Problem training on zero2.json #82

Open Davidup1 opened 5 days ago

Davidup1 commented 5 days ago

thank you for great job! but I met problem when training using zero2.json the loss and learning rate is 0.0 and i'm not sure how to fix it

yaolug commented 5 days ago

could you provide your full environment and command line

Davidup1 commented 5 days ago

I set up the environment following the readme and my script is as follow


export NCCL_P2P_DISABLE="1"
export NCCL_IB_DISABLE="1"

deepspeed --master_port=$((RANDOM + 10000)) --include localhost:0,1,2,3 /home/lyj/data/VILA/llava/train/train_mem.py \
    --deepspeed /home/lyj/data/VILA/scripts/zero2.json \
    --model_name_or_path /home/lyj/data/data/VILA1.5-3b/ \
    --version v1 \
    --data_mixture levir_cc \
    --vision_tower google/siglip-so400m-patch14-384 \
    --mm_vision_select_feature cls_patch \
    --mm_projector mlp_downsample \
    --tune_vision_tower False \
    --tune_mm_projector True \
    --tune_cc_projector True \
    --tune_single_projector True \
    --tune_language_model False \
    --mm_vision_select_layer -2 \
    --vision_resolution 576 \
    --mm_use_im_start_end False \
    --mm_use_im_patch_token False \
    --image_aspect_ratio pad \
    --chg True \
    --chg_type Chg2Cap \
    --from_origin True \
    --cc_n_layers 3 \
    --cc_head 8 \
    --cc_dropout 0.1 \
    --bf16 True \
    --output_dir /home/lyj/data/data/checkpoints_1/ \
    --num_train_epochs 10 \
    --per_device_train_batch_size 4 \
    --per_device_eval_batch_size 4 \
    --gradient_accumulation_steps 8 \
    --evaluation_strategy "no" \
    --save_strategy "steps" \
    --save_steps 0.5 \
    --save_total_limit 5 \
    --learning_rate 1e-4 \
    --weight_decay 0. \
    --warmup_ratio 0.03 \
    --lr_scheduler_type "cosine" \
    --logging_steps 1 \
    --tf32 True \
    --model_max_length 4096 \
    --gradient_checkpointing True \
    --dataloader_num_workers 16 \
    --lazy_preprocess True \
    --vflan_no_system_prompt True \
    --report_to wandb

the script work well with zero3.json but went wrong with zero2.json

i added some modules and setting to the model structure for my specific tasks. The general modification is that I expanded the structure of mm_projector.
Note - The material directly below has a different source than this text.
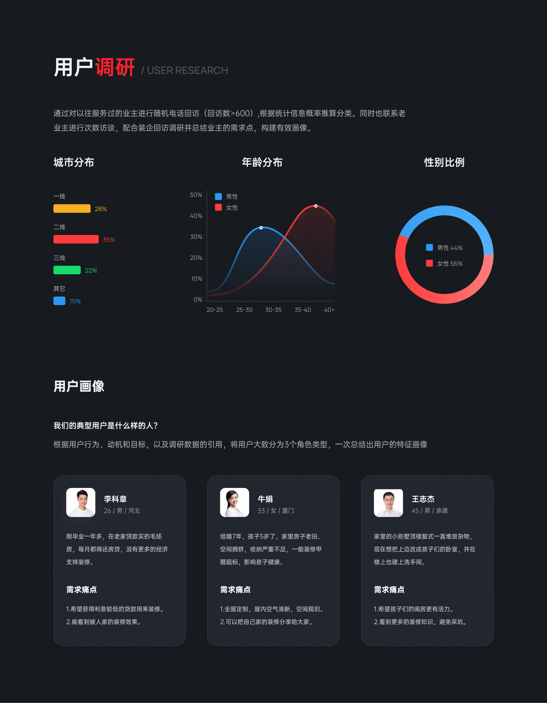 2.项目初期,我提出了问卷式的调研方式,提高效率的同时也节省了一部分成本;通过业主群和客服回访的方式同时进行前期调研。

However, although I don’t know the specific reason, by modifying the import method of pre-training parameters, the model can now be trained normally under zero2.json. But I am still curious about the inducing mechanism of the problem.

Lyken17 commented 13 hours ago

This is ususally casued by specific transformer and deepspeed versions. Coud you run environment_setup.sh to reinstall the env?